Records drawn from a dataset
****

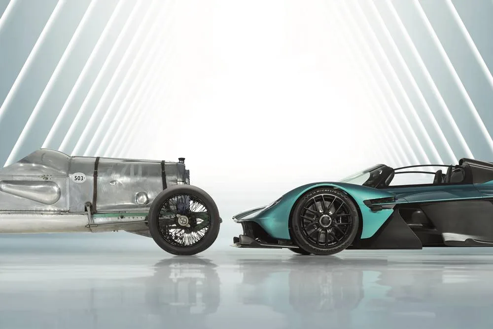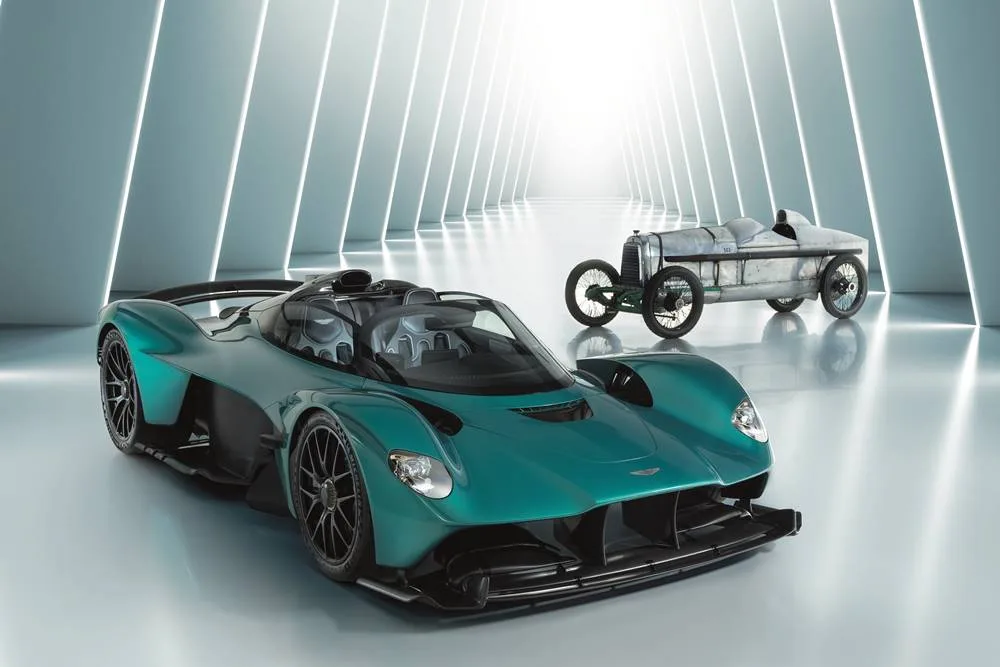 ABOVE: Aston Martin 1923 racer Razor Blade, Aston Martin Valkyrie hypercar-110 Year Anniversary
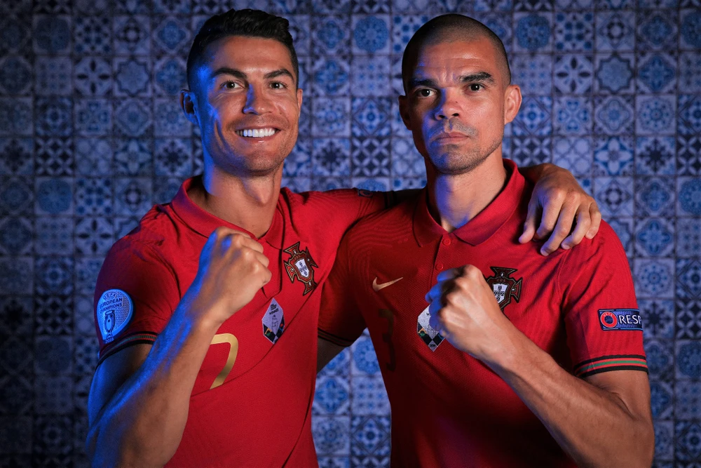 Siêu sao Ronaldo và Pepe đã sẵn sàng bảo vệ chức vô địch Euro. ẢNH: EURO
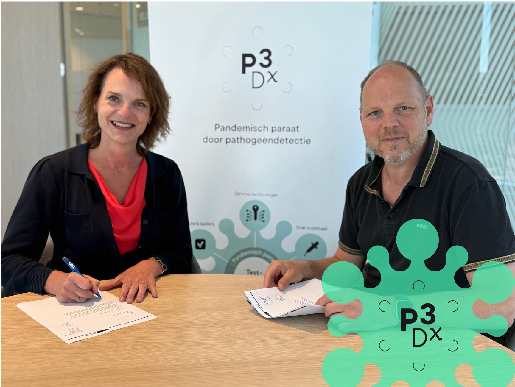 Het gunningsbesluit is ondertekend door de directie TNO gezond, Marjoleine van der Zwan, in het bijzijn van P3Dx-trekker Bart Keijser.
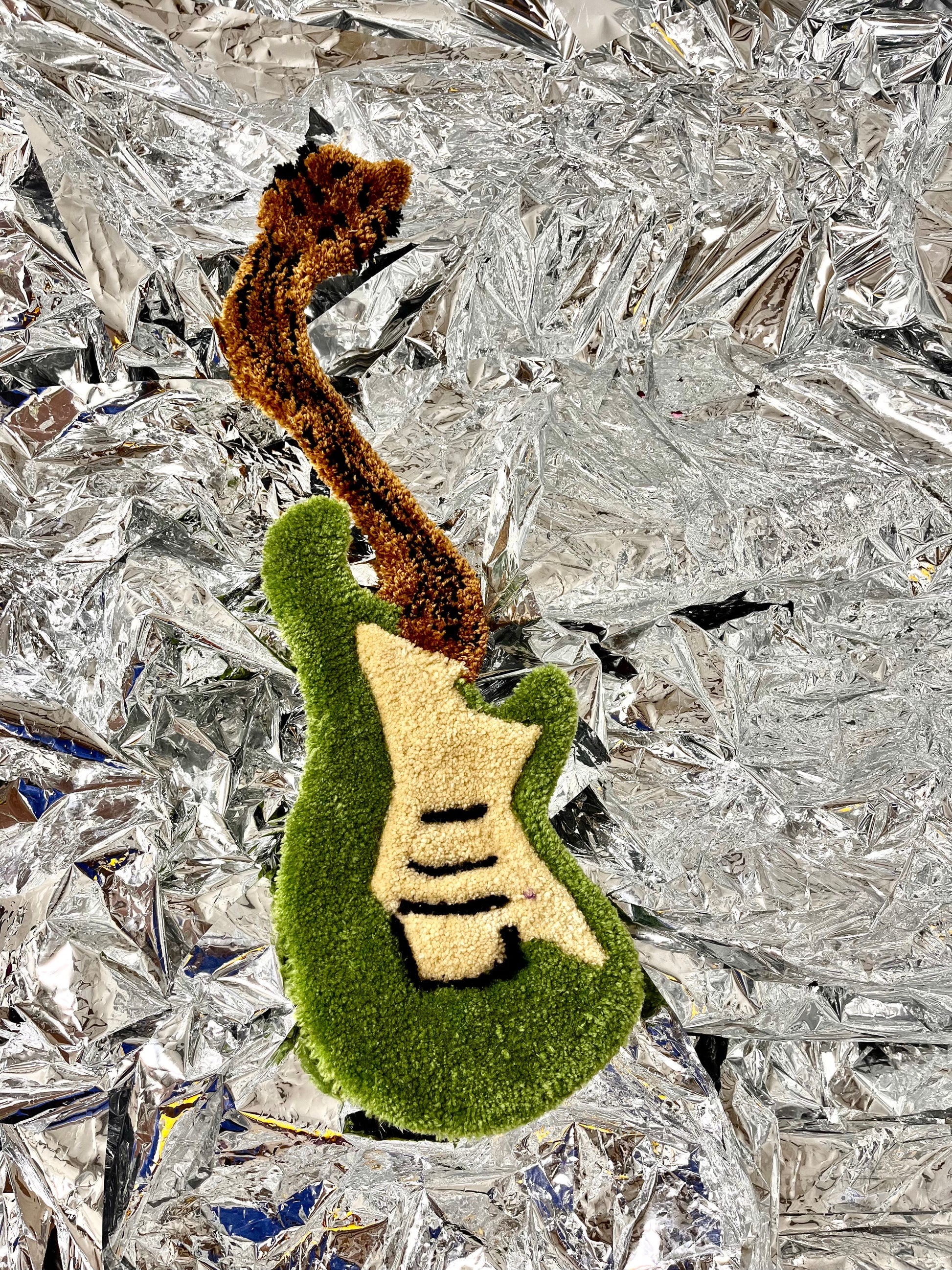 Introducing the perfect addition to any music lover's room - the green wavy guitar rug.
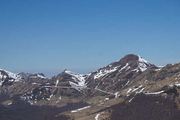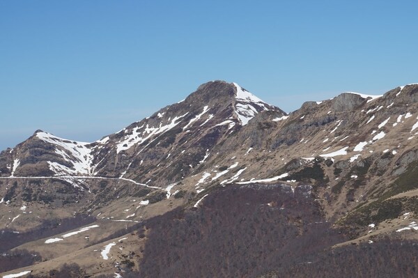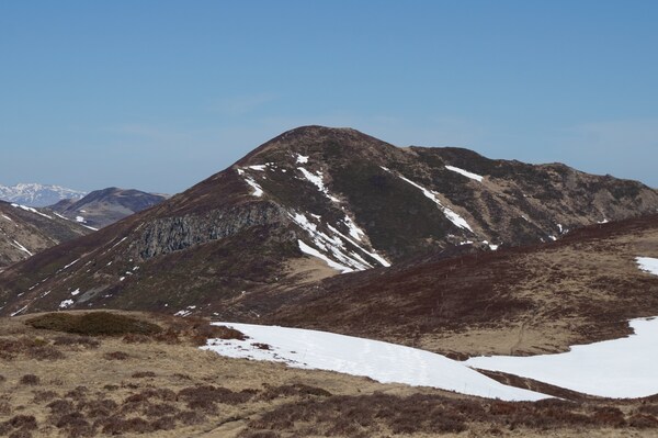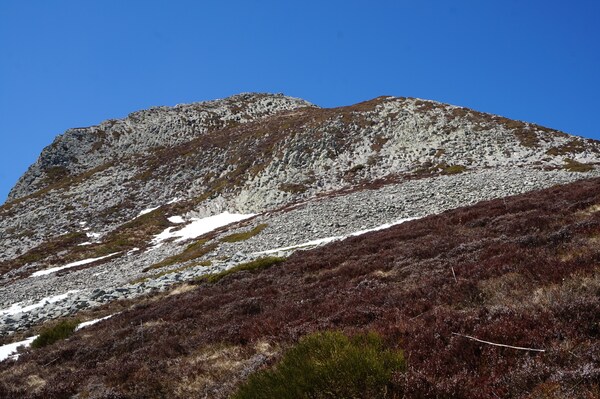 s'y attendre, il reste de la neige sur le flanc nord-ouest, le seul qui est
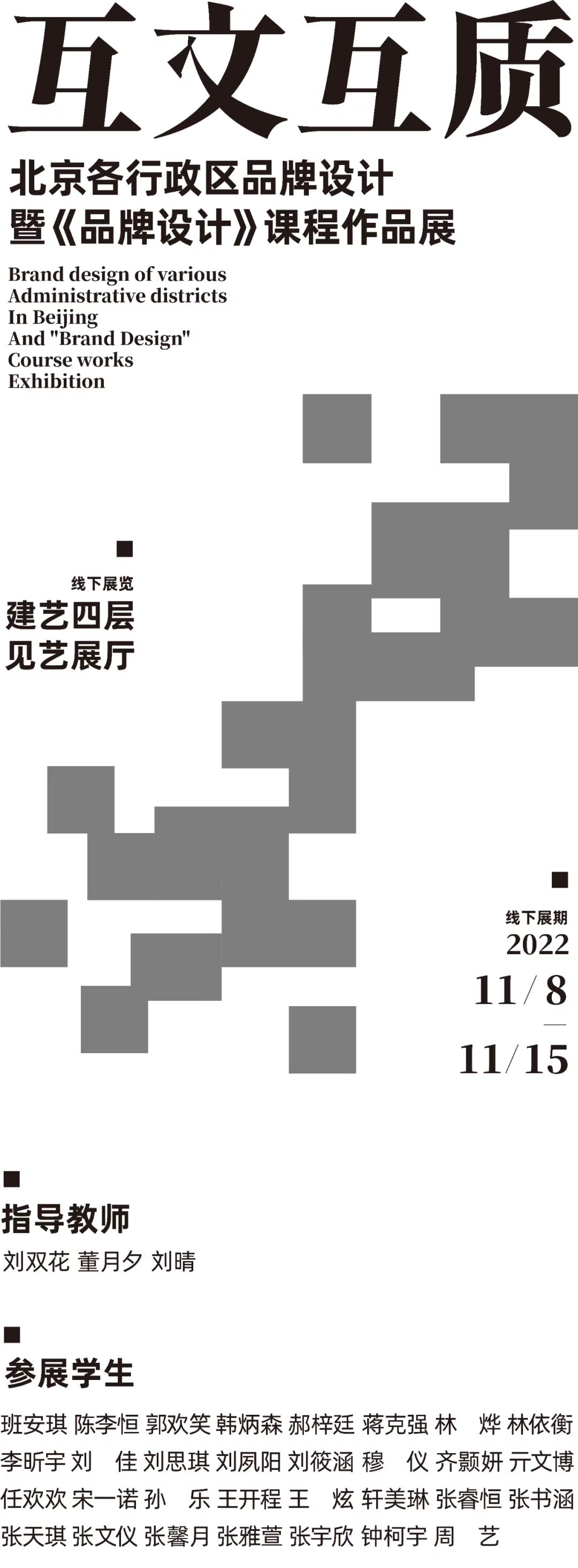 10月底至11月初,必威betway建筑与艺术学院第11工作室在导师刘双花、董月夕指导下,带领工作室成员及2001班部分同学,共同为为期六周的《品牌设计》课程策划了线上和线下展览。11月9日,名为“互文互质|2022《品牌设计》课程作业展”如期开展。展览展示了工作室成员及所在班级2001班同学的课程成果,包括东城、西城、朝阳、海淀、丰台、顺义、通州、石景山、延庆、怀柔、房山、门头沟、密云等13个首都行政区的品牌形象设计。
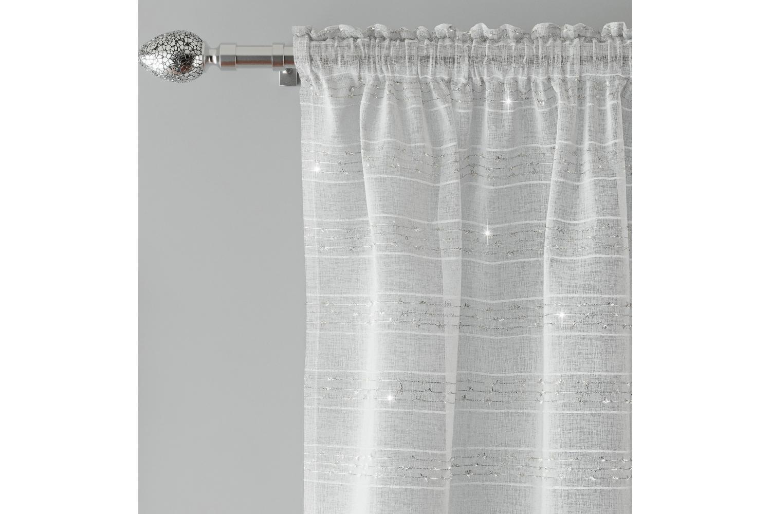 Give your home a stylish makeover that mirrors aestheticism and functionality alike with the 140x229cm Silver Rod Pocket Lima Pair of Metallic Lurex Striped Linen Look Voile Panels 55x90. Expect more compliments than you can count: welcome to Enhanced Living.
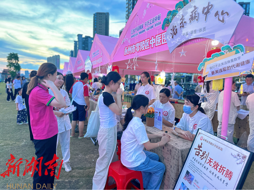 湖南日报·新湖南客户端9月14日讯(通讯员 唐柳)9月13日,零陵区中医医院将“摊位”设到湘江西路,开展中医药文化惠民集市活动,以免费脉诊、推拿理疗、中医养生咨询、药食同源健康月饼品鉴等互动体验为载体,将中医药智慧与“三减三健”健康理念融入市民日常生活。
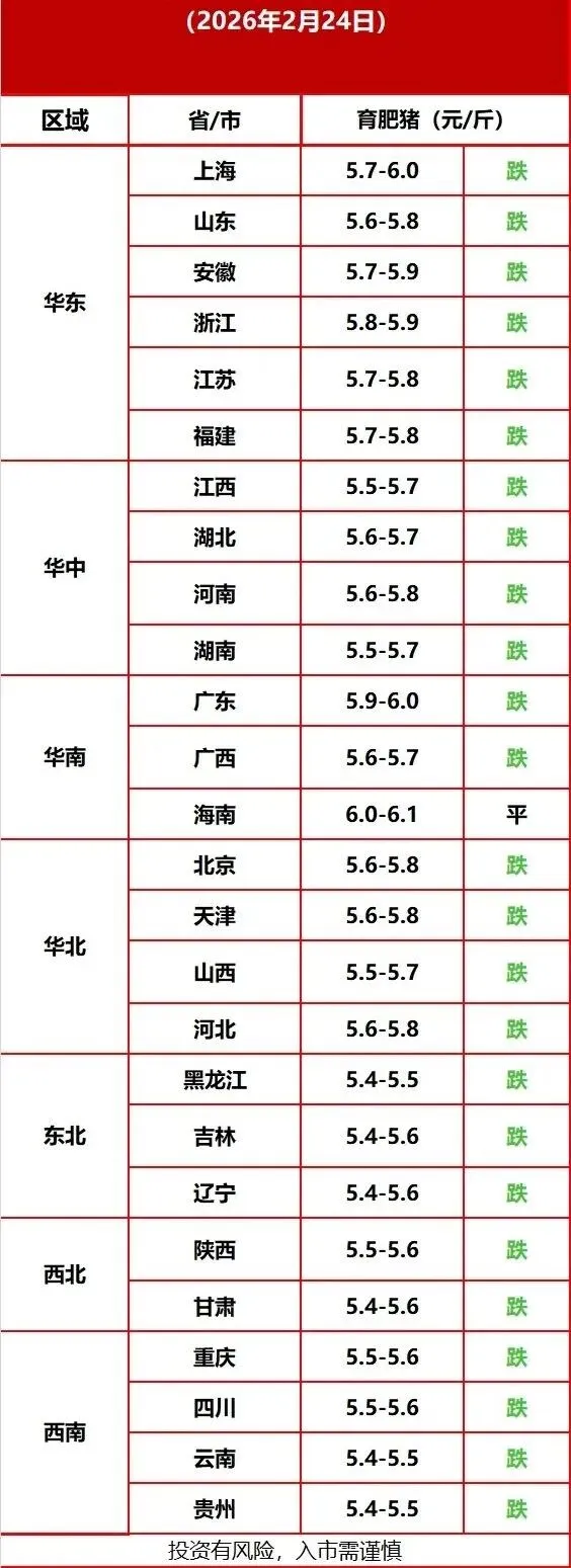 2月24日猪价全国下跌 养羊网 2026-02-24 2月24日猪价全国下跌每日猪价行情2月24日猪价全国下跌www.chinabreed.com中国养殖网 养羊网 2026-02-24 上一篇:2.25明日猪价早知道!继续下跌! 下一篇:猪价大预测】2月26日~2月28日全国猪价大预测! 您可能还会对下面的文章感兴趣111: 相关文章 2025年4月13日全国各地生猪价格信息 鹿儿岛 寿庵 鸡蛋价格一览|2026年1月24日鸡蛋价格(明日早知道) 猪周期 处于什么位置了?
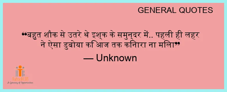 बहुत शौक से उतरे थे इश्क के समुन्दर में.. पहली ही लहर ने ऐसा डुबोया कि आज तक किनारा ना मिला
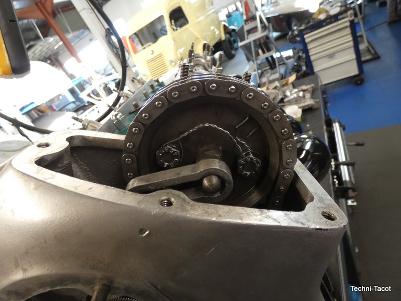 Une étape minutieuse et un ordre à respecter pour ne pas avoir à tout re démonter. La précision du calage de chaque arbre à cames est possible grâce à leur pignons crantés. On décrante, on vérifier et on bloque ou on décrante un peu plus. La pose de la culasse se fait toujours avec les arbres à cames aux repères, et le moteur en PMH sur cylindres 1 et 6.
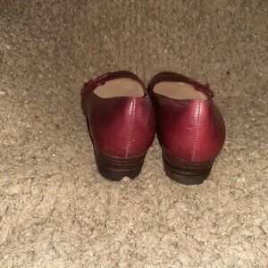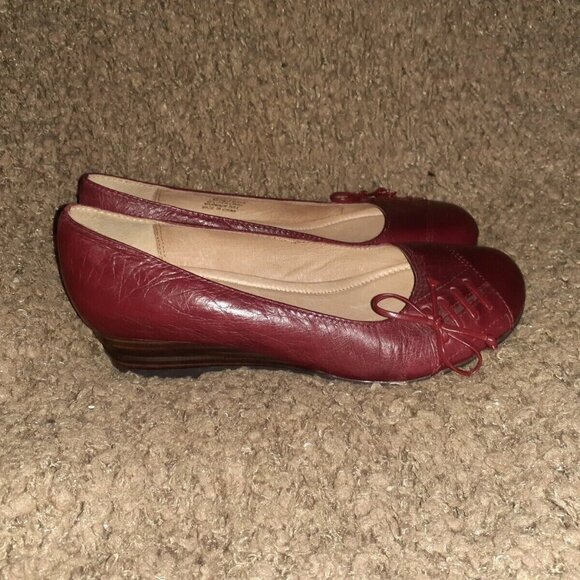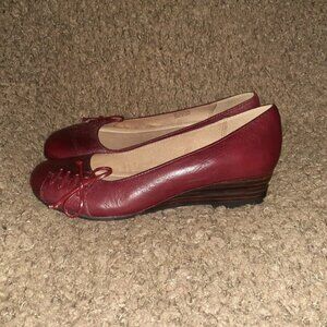 Cute pair of mini-wedge burgundy red leather ballet style shoes.

****

* [What you are asked to do] Give back every record above exactly as written, skipping each picture.

* [Result]
 ABOVE: Aston Martin 1923 racer Razor Blade, Aston Martin Valkyrie hypercar-110 Year Anniversary
 Siêu sao Ronaldo và Pepe đã sẵn sàng bảo vệ chức vô địch Euro. ẢNH: EURO
 Het gunningsbesluit is ondertekend door de directie TNO gezond, Marjoleine van der Zwan, in het bijzijn van P3Dx-trekker Bart Keijser.
 Introducing the perfect addition to any music lover's room - the green wavy guitar rug.
 s'y attendre, il reste de la neige sur le flanc nord-ouest, le seul qui est
 10月底至11月初,必威betway建筑与艺术学院第11工作室在导师刘双花、董月夕指导下,带领工作室成员及2001班部分同学,共同为为期六周的《品牌设计》课程策划了线上和线下展览。11月9日,名为“互文互质|2022《品牌设计》课程作业展”如期开展。展览展示了工作室成员及所在班级2001班同学的课程成果,包括东城、西城、朝阳、海淀、丰台、顺义、通州、石景山、延庆、怀柔、房山、门头沟、密云等13个首都行政区的品牌形象设计。
 Give your home a stylish makeover that mirrors aestheticism and functionality alike with the 140x229cm Silver Rod Pocket Lima Pair of Metallic Lurex Striped Linen Look Voile Panels 55x90. Expect more compliments than you can count: welcome to Enhanced Living.
 湖南日报·新湖南客户端9月14日讯(通讯员 唐柳)9月13日,零陵区中医医院将“摊位”设到湘江西路,开展中医药文化惠民集市活动,以免费脉诊、推拿理疗、中医养生咨询、药食同源健康月饼品鉴等互动体验为载体,将中医药智慧与“三减三健”健康理念融入市民日常生活。
 2月24日猪价全国下跌 养羊网 2026-02-24 2月24日猪价全国下跌每日猪价行情2月24日猪价全国下跌www.chinabreed.com中国养殖网 养羊网 2026-02-24 上一篇:2.25明日猪价早知道!继续下跌! 下一篇:猪价大预测】2月26日~2月28日全国猪价大预测! 您可能还会对下面的文章感兴趣111: 相关文章 2025年4月13日全国各地生猪价格信息 鹿儿岛 寿庵 鸡蛋价格一览|2026年1月24日鸡蛋价格(明日早知道) 猪周期 处于什么位置了?
 बहुत शौक से उतरे थे इश्क के समुन्दर में.. पहली ही लहर ने ऐसा डुबोया कि आज तक किनारा ना मिला
 Une étape minutieuse et un ordre à respecter pour ne pas avoir à tout re démonter. La précision du calage de chaque arbre à cames est possible grâce à leur pignons crantés. On décrante, on vérifier et on bloque ou on décrante un peu plus. La pose de la culasse se fait toujours avec les arbres à cames aux repères, et le moteur en PMH sur cylindres 1 et 6.
 Cute pair of mini-wedge burgundy red leather ballet style shoes.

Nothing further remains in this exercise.